The position that creates is unusual. Corvera does not compete with whichever AI product the brand buys next quarter, because it sits underneath all of them. Every extra tool the customer adds makes the connection more valuable rather than threatening it. And because the pipe has to keep up as the underlying systems change, it is not a one-off installation that can be finished and forgotten.

Picking one industry is what turns this from infrastructure into a product. Every consumer goods brand is asking the same handful of questions of roughly the same sources, so the connections can be reused, the definitions can be opinionated rather than endlessly configurable, and the tenth customer costs far less to serve than the first. Chris Kong has picked an obviously large market. That is one good feature of the choice, not the whole of it.

The window, and what closes it

This next part is my opinion, not something the company has said.

This is not one company's niche. Every industry has the same wall in a different shape: the same unstandardised systems, the same missing permissions, the same invisible blockage between an outside AI and an inside truth. Somebody is going to build and switch on that connection for each of them, securely, so that outside intelligence can finally reach in.

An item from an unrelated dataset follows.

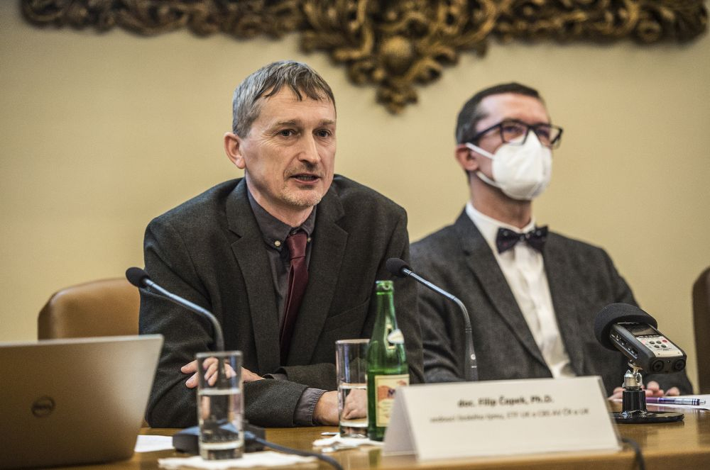 Profesor Martin Prudký z týmu ETF UK s nalezenou olejovou lampou.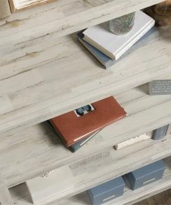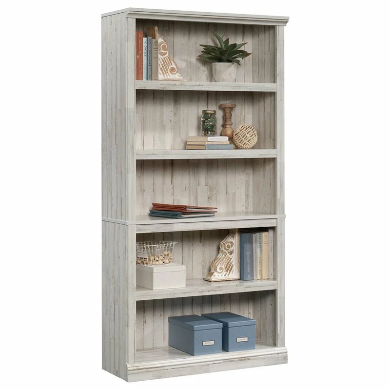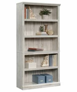 Store it or display it. Create a designated space in your home for all your things without having to sacrifice on the style that you love with this 5-shelf bookcase from the Sauder Select collection. This living room bookcase features five large shelves that provides you with an endless amount of space to store a variety of items like your collection of gardening magazines, your favorite novel, work supplies and organizing bins. These spacious shelves also make a great place to display decorative items like knick-knacks, framed photos of your family, and all your awards. This tall bookcase includes three adjustable shelves that can move to different heights to create flexible storage for items of all shapes and sizes. It has a place for all your things. Its attractive good looks and versatile design make this storage bookcase the perfect fit for any room in your home. Finished in White Plankยฎ, this 5-shelf book is the answer for an organized home or office.

Expect a wave of startups doing exactly this over the next two years or so, one industry at a time, each looking narrow and unglamorous from outside. Then expect them to be bought up, because a pipe is worth far more as a network than as a collection of separate pipes, and because buyers will eventually want one relationship rather than eleven.

The pattern repeats industry by industry until each one is properly reached by AI, and the companies that own the pipes at that point will not look like tool vendors. They will look like infrastructure.

Which is the argument for paying attention to the unfashionable middle layer now, while it is still being sold one industry at a time by small teams.

Why it is bigger than it sounds

The short description is a data layer for consumer brands. The position it creates is the part worth holding onto.

  • Owning the connection into a business is a position, not a product. Every AI tool the customer buys afterwards makes the pipe more valuable rather than less.
  • The blockage is real and everywhere. The same pipe can be laid industry by industry, which makes this a template rather than a niche.
  • Eighteen named brands is a strong start. BOL Foods, Wild, CLEAN Cause, Bobbie and Antelope Pets, in a market where the buyer's neighbour is the best sales channel there is.

What to watch

The test is whether brands buy more AI tools after Corvera arrives, and whether those tools stay switched on. If the pipe is real, everything downstream should get cheaper and quicker to adopt, and the company should be able to show that from its own customers rather than argue it.

The second is whether the connection outlives the systems it was built against. A pipe that breaks when a brand changes its main business system was a project. One that absorbs the change without the customer noticing is a position.

Eighteen named brands at this stage is a real signal, and they are the kind of names that talk to each other. In a category where the buyer's neighbour is the most effective sales channel available, that matters considerably more than a longer list of anonymous logos.